As for a quarantine tank size, you should have a cycled filter and heater.. depending on what fish and how many will dictate minimum qt tank size.. but I prefer 10g as a minimum even for just one small fish, as it will take longer for nitrates to rise. Or if you don't have a properly cycled filter dedicated to the qt tank, the extra water volume will dilute ammonia so the fish can survive the 1-2 days between water changes... but that's just my opinion.


----------



## kr1st3n (Nov 20, 2014)

ellekay said:


> Ill be stocking more platys, neons and a clown pleco down the road (after algae growth). So a 2.5 should be fine for them. How long do I qt them, a few weeks?
> 
> And for plants, is it aquarium salt that I soak them in or just plain salt? I have a thing of aquarium salt from when I had my beta, but never used it (he died before I got home with it). Should I use that in either my at or regular tank?

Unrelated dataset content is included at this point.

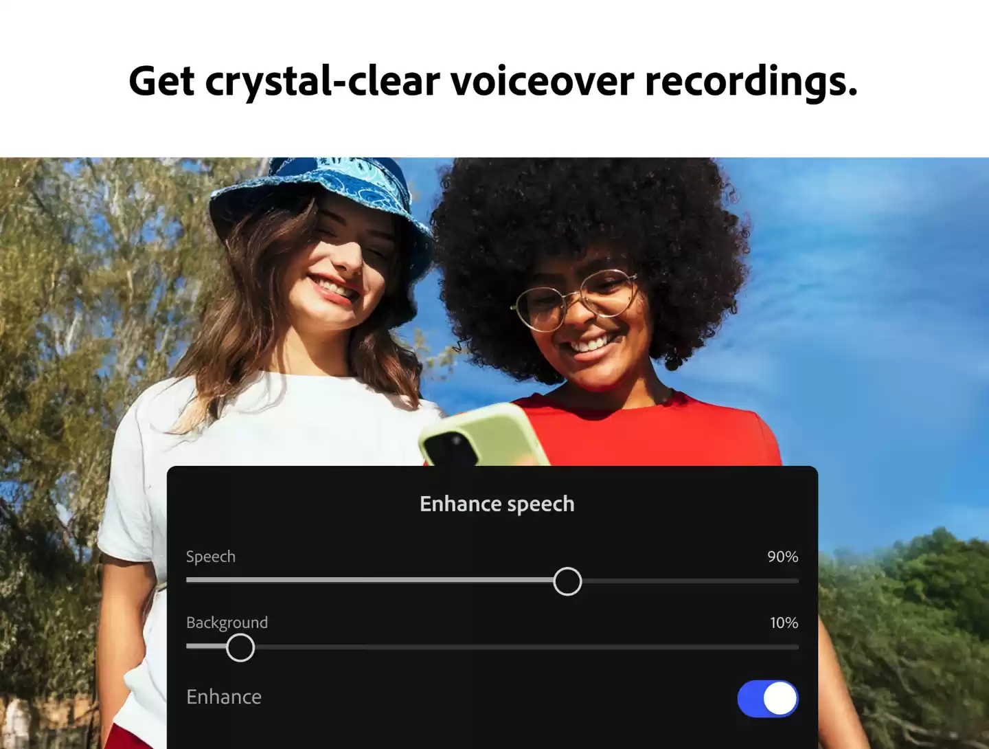 Adobe 还将在应用中加入由 Firefly 模型驱动的 AI 功能,用户可以通过文字提示生成图片、音频或视频。与此同时,Adobe 向用户开放了其音乐、音效、图片、图形和视频的素材库,并整合了 Lightroom 的字体和预设。应用还提供“Enhance Speech”功能,可在嘈杂环境下录音时自动消除背景噪音。

Here's a good step by step for plants: http://www.ehow.com/how_6363095_soak-aquarium-plants-snails.html


----------



## ellekay (Nov 11, 2014)

Thanks so much kr1st3n! That's really helpful!


----------



## ellekay (Nov 11, 2014)

Tress the one I'm looking at is more long than tall. Might even do a 5g. Just need to find a place I can put it that the toddler won't try to mess with it.


----------